1\. This was a few weeks ago, but I literally woke up, grabbed my phone,
checked my email, and had this sitting in my inbox. Not exactly a great way to
start your day.

2\. Said person eventually apologized to me, and apparently didn't understand
what open source meant or something? I don't hate him or anything. We all have
bad days. I'm not perfect either.

3\. The reason that this gem is missing those emoji is twofold: I cannot
distribute copies of Apple Color Emoji due to licensing, as I mentioned in the
issue. IANAL, but gemoji is infringing on Apple's IP. I'm not willing to do
that. For more on this issue: [http://words.steveklabnik.com/emoji-
licensing](http://words.steveklabnik.com/emoji-licensing) Secondly, for some
reason, Phantom Open Emoji doesn't have the full set.

4\. If you're willing to infringe on Apple's IP, you can use your own images,
and then it all just works.

5\. It states in the second line of the README that this uses Phantom Open
Emoji, contradicting what the author said in the issue.

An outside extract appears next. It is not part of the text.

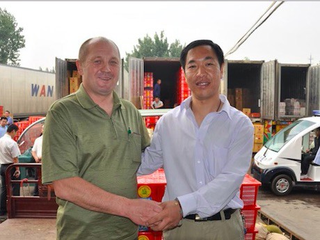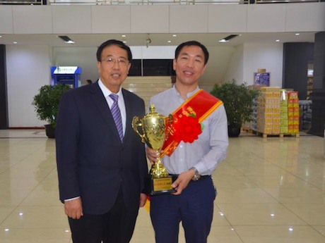 公司董事长赵新文(右)被评为北京·新发地农产品批发市场进口水果大王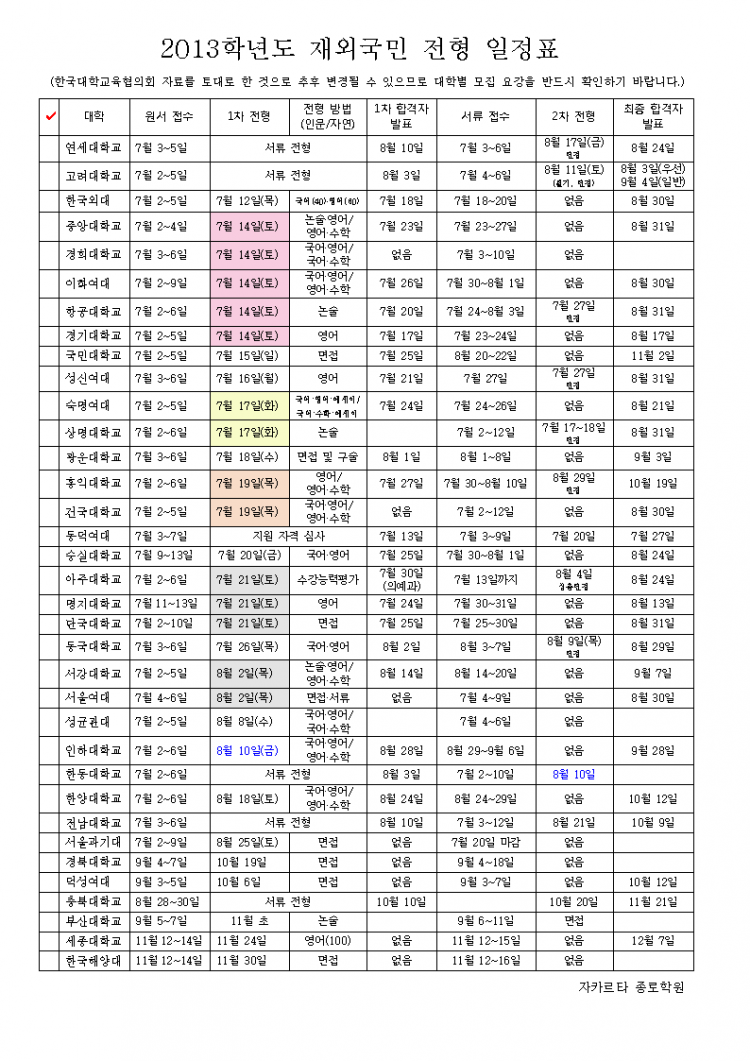 2013학년도 재외국민 특별전형 주요대학 일정 및 관련 자료 안내

6\. I actually have issues open to integrate Twemoji and Emoji One, which I
assume have the full set?

Burnout on open source is real, and many, many days, I feel like it's all take
and no give. If you run a company, please give your employees time to
contribute back to the libraries you use. It scares me how much of the world
runs on top of stuff that people basically do in their free time. It's not
sustainable.

(an addendum: thank $DIETY GitHub lets you lock issues nowadays, or I'm sure
this would be filled with terrible .gifs)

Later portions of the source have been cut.